Carney is a big ol’ cheeseball when it comes to love and music. That’s probably one of the reasons he’s such a beloved filmmaker. Making good music, and building a strong romantic foundation, requires total commitment. Carney asks the audience to completely commit to his rosy-colored viewpoint, and to his credit, he gives us plenty of reason to want to. When Flora’s gift of a guitar goes unappreciated by Max, she decides to take up the instrument for herself. This leads her to Jack (Joseph Gordon-Levitt), a soft-spoken L.A. guitar instructor she found on YouTube. Flora’s instantly taken with his calming voice and kind face, but in the first $20 lesson she tarts it up way too much and nearly ruins the whole thing. When asked about her musical motivations, and why she wants to play the guitar, her answers are all selfish: to look sexy, to impress people, to win back her husband.
You can probably take a guess what happens next. Over the course of many lessons, Flora not only becomes a better guitar player, but she reignites something within Jack, as well. Carney, who has always understood the connection people can make through song, reorients the framing so that Jack isn’t just a figure on Flora’s laptop screen. He reemerges by her side, or across the dinner table, so they can appear to be near one another, bonded through song. It’s a clever device that draws us further into their budding romance. After sharing a song together, Flora jokes that it was a lot like they just had sex. “It’s all very intimate, isn’t it?” And of course, she’s right. Making good music can be like making sweet love.

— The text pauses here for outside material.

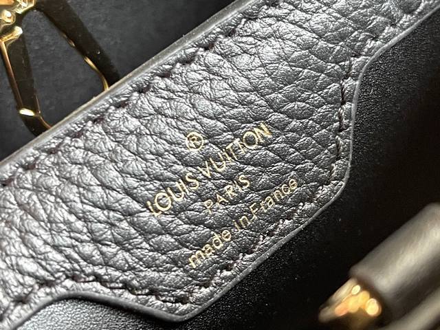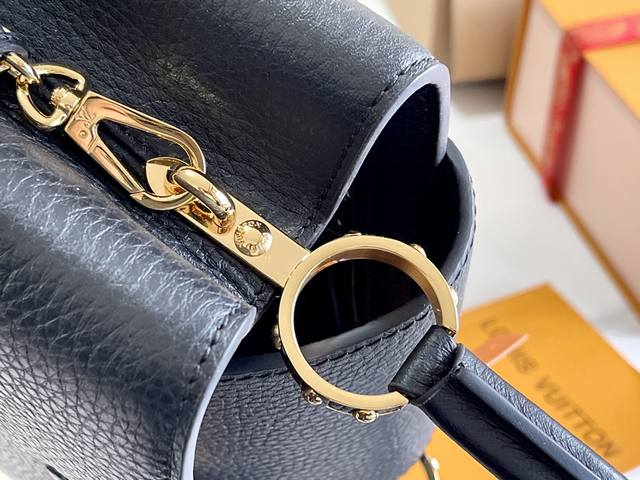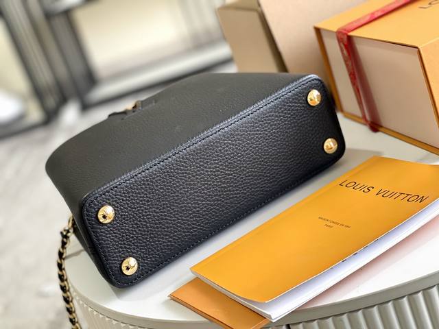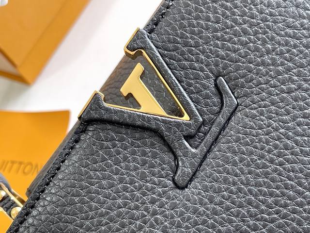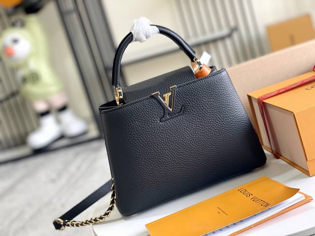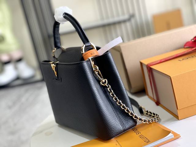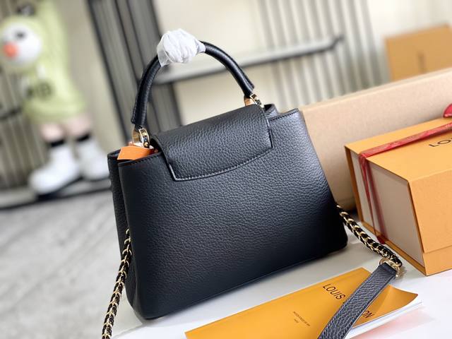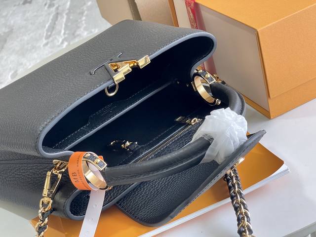 Premium, fully packaged, premium original leather M48865, black with gold buckle. This Capucines Bb handbag, crafted from Taurillon leather, exudes a modern flair. Its woven leather chain is removable and adjustable, allowing for easy shoulder or crossbody wear. The flap retracts to reveal the classic Lv logo. Details: 27 x 18 x 9 cm. Length x Height x Width.

Meanwhile, Max is quietly becoming a junior music producer in his own right, using his computer to create hip-hop and dance tracks, mostly to impress a local girl. But it’s also a way for mother and son to find something they both can share in and act like a real family. This isn’t just a movie about Flora’s long-distance love story, otherwise, it would probably need a different title.
Hewson is the real deal here. Flora is definitely rough around the edges but Hewson reveals her to be a woman who wants to be noticed for more than her body or her attitude. A fantastic scene finds Flora playing Joni Mitchell’s “Both Sides Now” (Carney shows the full clip, a brave decision) and seeing how easily she could command attention with a few chords of her guitar and a deeply personal song about her life. Gordon-Levitt is good here, as well, bringing Jack to life even as he’s seen mostly through ZOOM calls. Jack could be seen as pathetic (a failed musician selling guitar lessons over Youtube) under another actor’s portrayal, but JGL always has an honest quality about him that is hard to resist.

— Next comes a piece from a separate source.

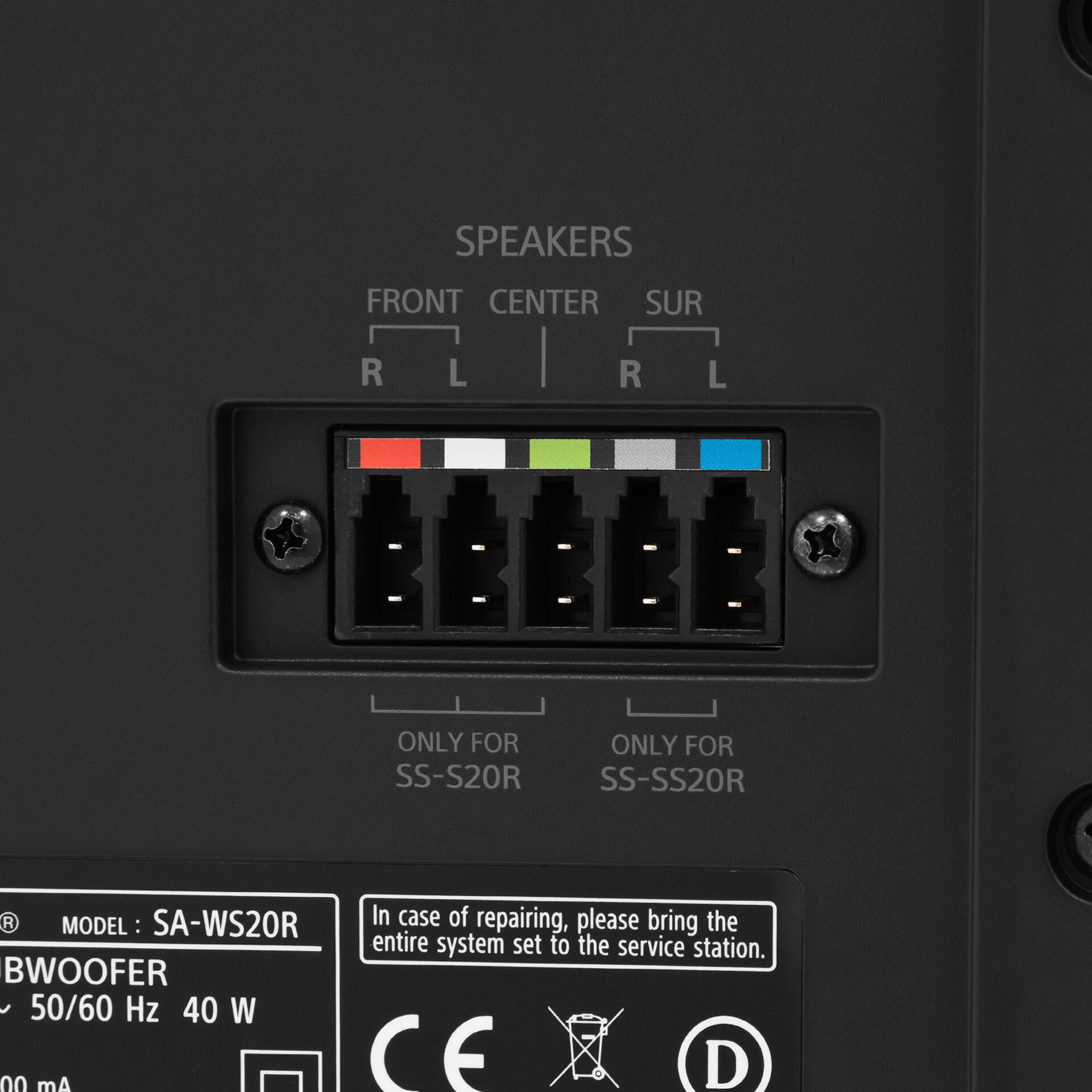 Soundbar HT-S20R jest gotowy do użycia niemal od razu po rozpakowaniu. Wystarczy włączyć go do sieci energetycznej, połączyć główny głośnik i tylne głośniki przewodami w odpowiednich kolorach, ustawić przewodowy subwoofer i tylne głośniki — a potem zanurzyć się w realistyczny, 5.1-kanałowy dźwięk przestrzenny.

Carney isn’t doing anything he hasn’t done in his previous films. There are echoes of Sing Street in Max’s storyline, for example, and while it’s considerably grittier, Flora’s musical journey of self-discovery is similar to Begin Again. But do we want something different from Carney? Absolutely not. We want people who bear their souls to the one person who understands them most. Carney has never been one to go with the most obvious of happy endings, but with Flora and Son he defies the easy path and delivers what is easily his most satisfying conclusion since Once. Carney has another chart-topping hit on his hands. Nobody makes movies about music like he does, and if we get one of these every few years it’ll make up for all of the mediocre music biopics in-between.
Flora and Son will hit theaters on September 22nd and Apple TV+ on September 29th.